As Oil Bears Take a Break and Focus on the Federal Reserve and Geopolitics, USD / CAD Reverses from a Multi-Day High

Alina Haynes

Feb 23, 2023 14:57

USD:CAD.png 

 

As it reverses from a seven-week high marked the day before on Thursday morning, USD/CAD accepts offers to reestablish the intraday low near 1.3540. Consequently, the Loonie pair suffers its first daily loss in three days, amidst market consolidation and cautious optimism.

 

Nevertheless, the absence of Japanese traders due to the Tokyo holiday has joined the previous decline in US Treasury bond yields and a decline in US inflation expectations to influence the most recent USD/CAD exchange rate.

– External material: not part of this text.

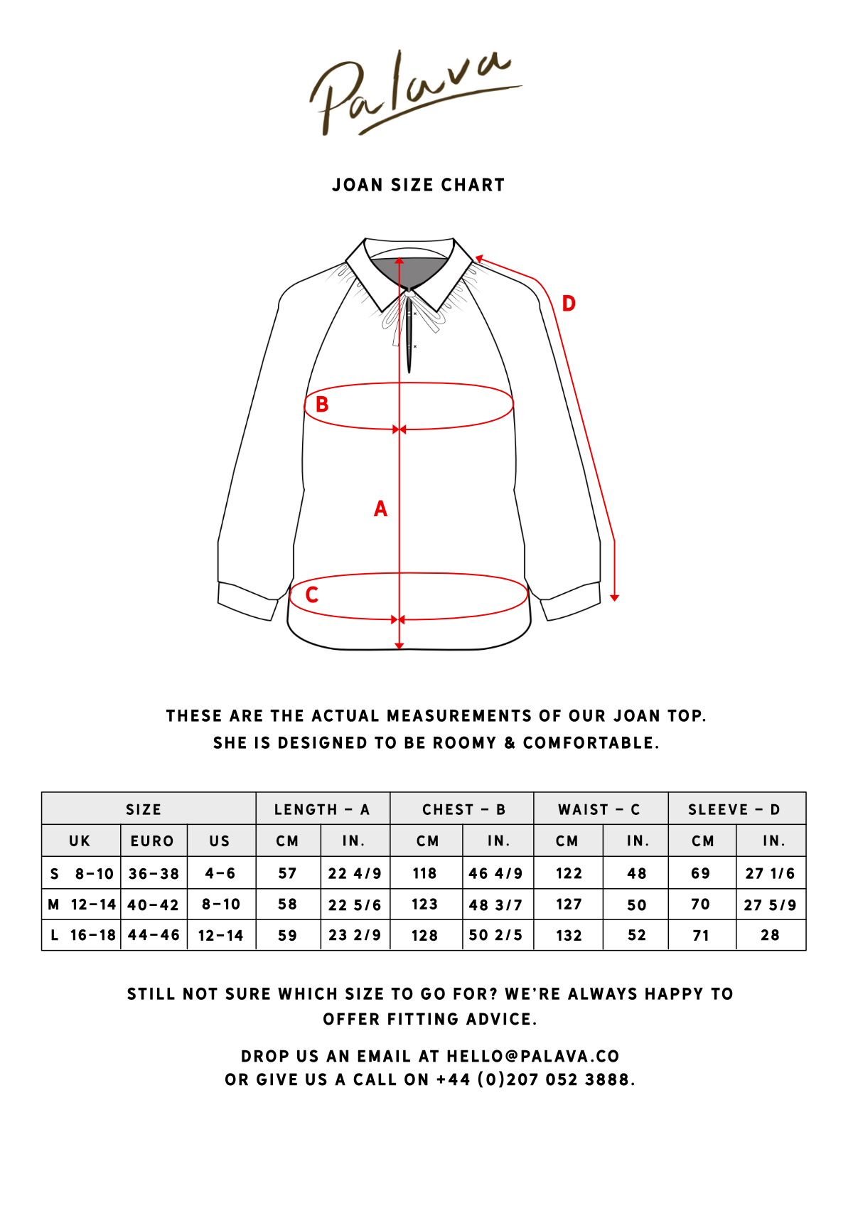 Sizing: Annie is 5'6" and is wearing a size Small. Our Joan top is quite a relaxed fit. For more information on size and fit see the Size Guide to the right of sizes available below.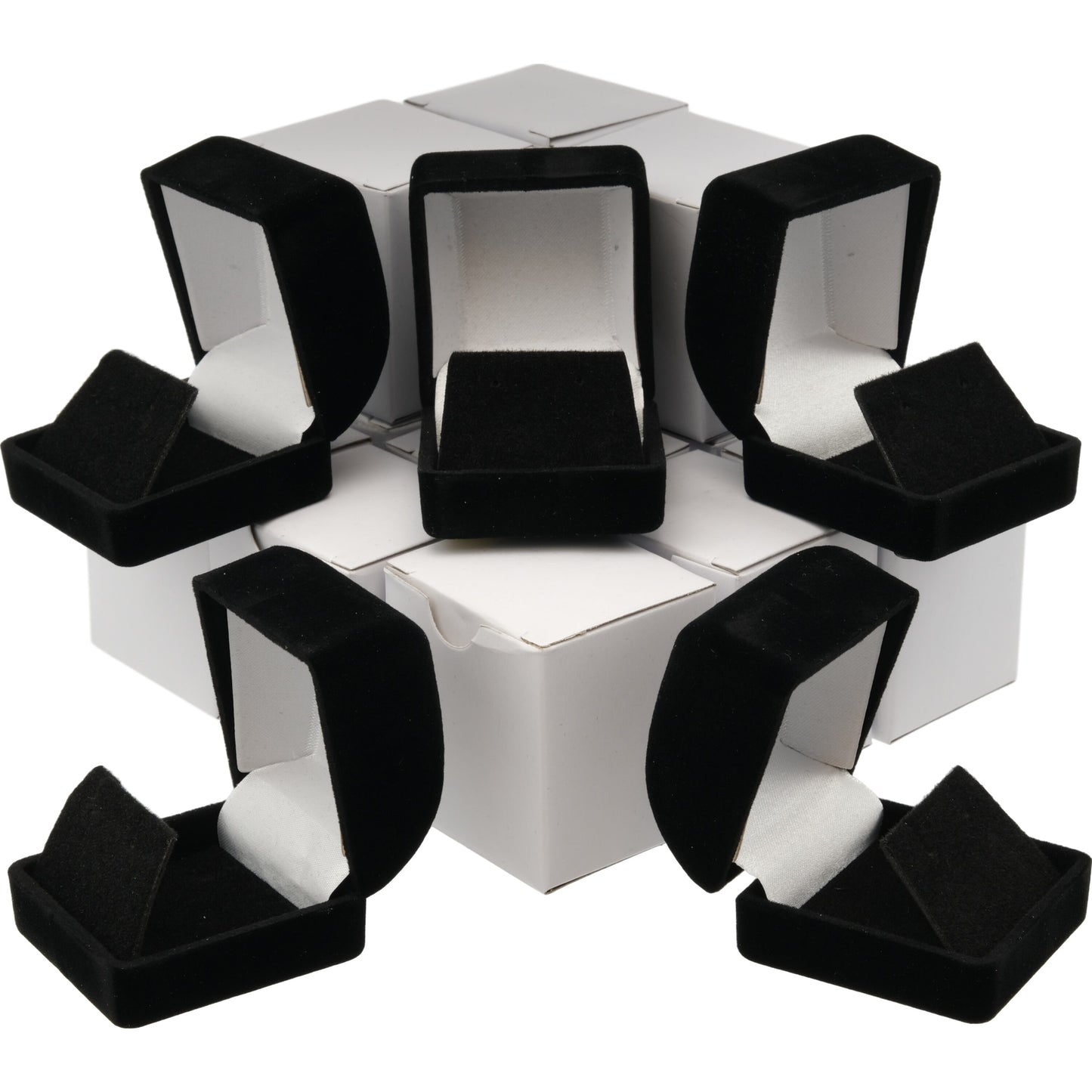 - The boxes are black and lined with white satin on the inside

The 10-year and 5-year breakeven inflation rates from the Federal Reserve Bank of St. Louis (FRED) indicate a decline in US inflation expectations by falling from the multi-day high.

 

On a similar trajectory, Canada's primary export commodity, WTI petroleum oil, may experience a reversal. The black gold fell to a 13-day low after losing nearly 3.0% the previous day due to lackluster US inventories and a strong US Dollar. However, as of press time, the energy benchmark has posted modest gains and is trading near $74,00.

 

Despite recent market consolidation, USD / CAD buyers remain optimistic due to hawkish Federal Reserve (Fed) and geopolitical concerns.

 

In terms of geopolitics, US President Joe Biden believes that his Russian counterpart is incapable of using nuclear weapons by renouncing an international treaty. The most recent round of negotiations between the West and China has exacerbated the Ukraine-Russia conflict, which has yet to dispel the concerns surrounding it. The Wall Street Journal (WSJ) reported recently that the United States is considering releasing intelligence on China's prospective arms transfer to Russia. Previously, China-Russia relations appeared to have exacerbated geopolitical tensions, as the United States strongly condemned such actions and favored a surge towards risk aversion, which favored the US Dollar.

 

In a separate section of the most recent Federal Open Market Committee (FOMC) Monetary Policy Meeting Minutes, all participants agreed that additional rate increases are necessary to achieve the inflation target, while also favoring further Fed balance sheet reductions. James Bullard, president of the Federal Reserve Bank of St. Louis, told Reuters that the Fed will need to raise interest rates above 5% to combat inflation. The policymaker also stated that he believes there is a good possibility they will be able to beat inflation this year without causing a recession. In addition, according to Reuters, John Williams, president of the Federal Reserve Bank of New York, emphasized the concerns supporting the Fed's higher interest rates by stating, "Fed is utterly committed to getting inflation back to 2%."

 

US Treasury bond yields are inactive after retreating from a multi-day high, while Wall Street closed neutral and the S&P 500 Futures are modestly bid as of late.

 

The second estimates of the US Personal Consumption Expenditures (PCE) data for the fourth quarter (Q4) and the preliminary readings of the US Q4 Gross Domestic Product (GDP) will be crucial for providing USD / CAD traders with new information in the near future.